Work task: Please produce a character-exact copy of the listing that follows, omitting all images.

Information supplied:

*** Block opens ***

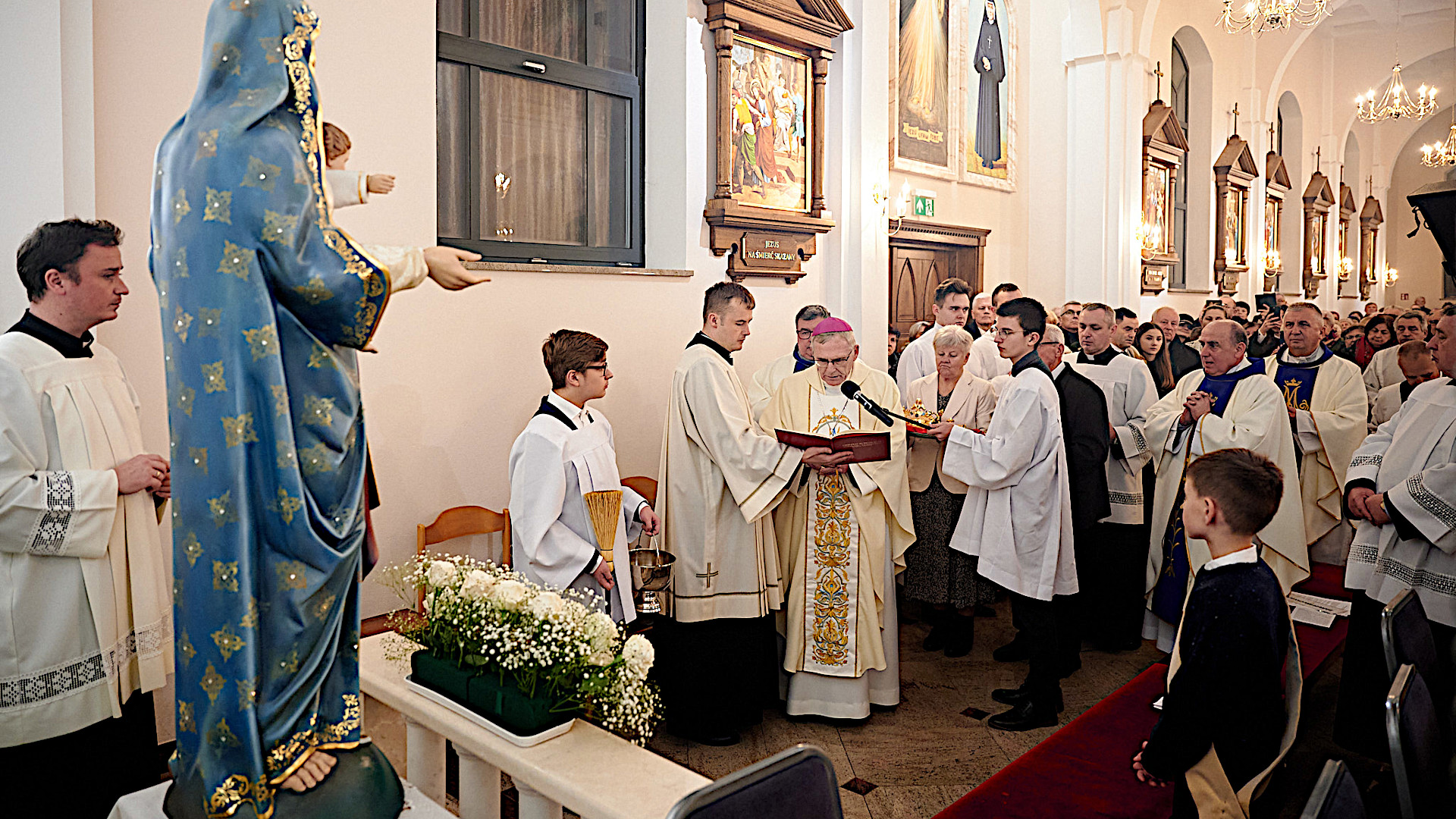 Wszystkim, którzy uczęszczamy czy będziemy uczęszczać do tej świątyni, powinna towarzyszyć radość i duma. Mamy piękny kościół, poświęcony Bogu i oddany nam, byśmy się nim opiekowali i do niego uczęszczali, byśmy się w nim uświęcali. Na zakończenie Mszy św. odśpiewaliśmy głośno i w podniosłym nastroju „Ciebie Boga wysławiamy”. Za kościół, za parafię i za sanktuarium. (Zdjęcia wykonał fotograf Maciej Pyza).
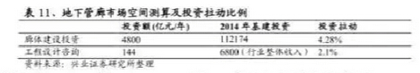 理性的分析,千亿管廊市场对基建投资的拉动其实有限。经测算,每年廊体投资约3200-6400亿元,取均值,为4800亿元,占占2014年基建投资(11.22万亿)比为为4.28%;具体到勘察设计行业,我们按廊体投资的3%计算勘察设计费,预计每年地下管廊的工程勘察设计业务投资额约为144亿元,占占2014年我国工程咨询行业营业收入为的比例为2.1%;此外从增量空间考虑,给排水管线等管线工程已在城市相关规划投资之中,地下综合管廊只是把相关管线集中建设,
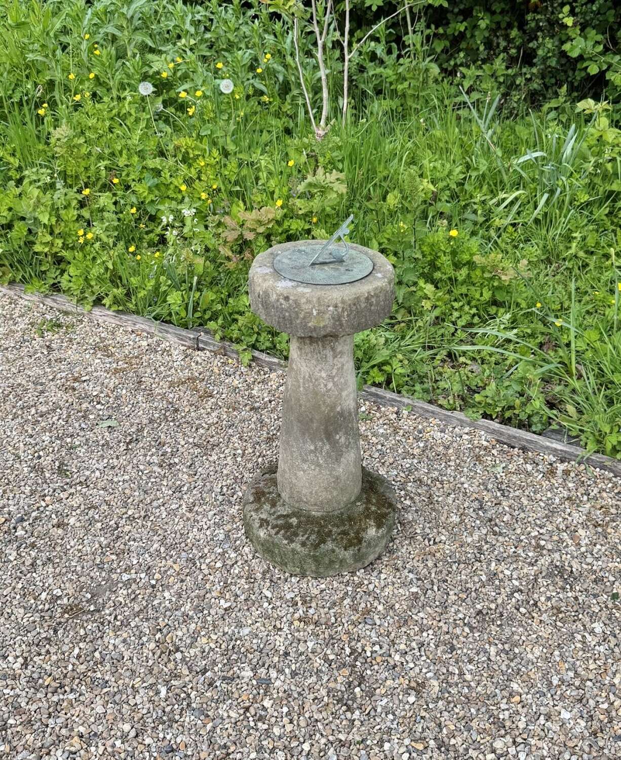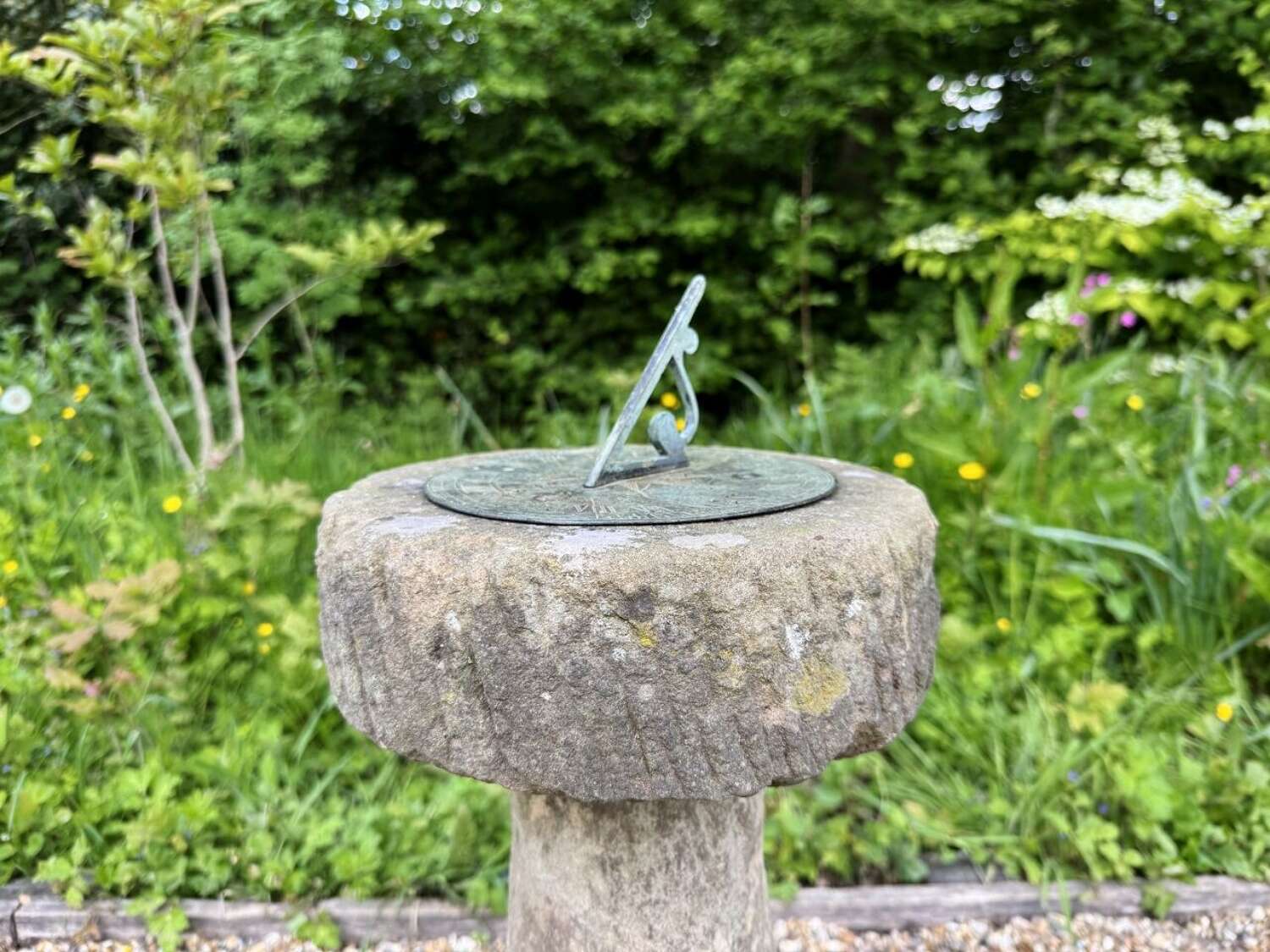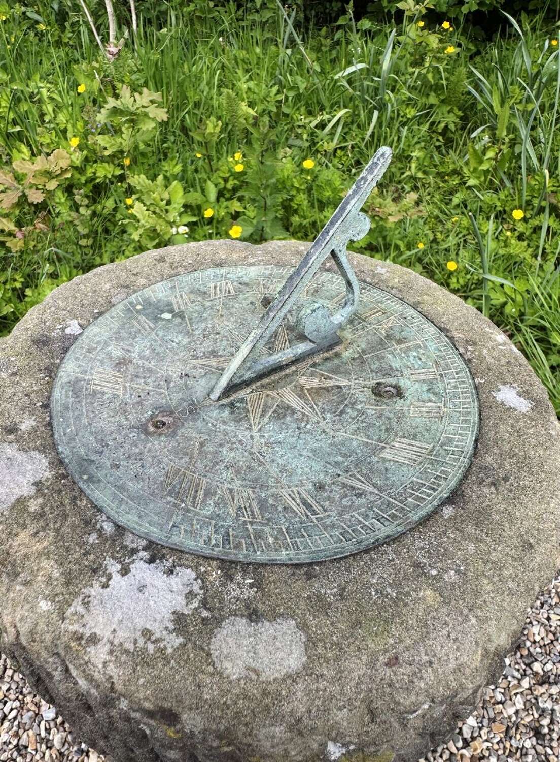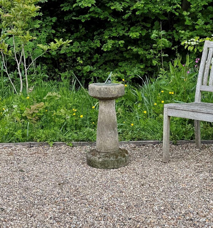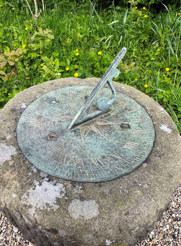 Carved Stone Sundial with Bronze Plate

*** Block closes ***

Exercise answer:
 Wszystkim, którzy uczęszczamy czy będziemy uczęszczać do tej świątyni, powinna towarzyszyć radość i duma. Mamy piękny kościół, poświęcony Bogu i oddany nam, byśmy się nim opiekowali i do niego uczęszczali, byśmy się w nim uświęcali. Na zakończenie Mszy św. odśpiewaliśmy głośno i w podniosłym nastroju „Ciebie Boga wysławiamy”. Za kościół, za parafię i za sanktuarium. (Zdjęcia wykonał fotograf Maciej Pyza).
 理性的分析,千亿管廊市场对基建投资的拉动其实有限。经测算,每年廊体投资约3200-6400亿元,取均值,为4800亿元,占占2014年基建投资(11.22万亿)比为为4.28%;具体到勘察设计行业,我们按廊体投资的3%计算勘察设计费,预计每年地下管廊的工程勘察设计业务投资额约为144亿元,占占2014年我国工程咨询行业营业收入为的比例为2.1%;此外从增量空间考虑,给排水管线等管线工程已在城市相关规划投资之中,地下综合管廊只是把相关管线集中建设,
 Carved Stone Sundial with Bronze Plate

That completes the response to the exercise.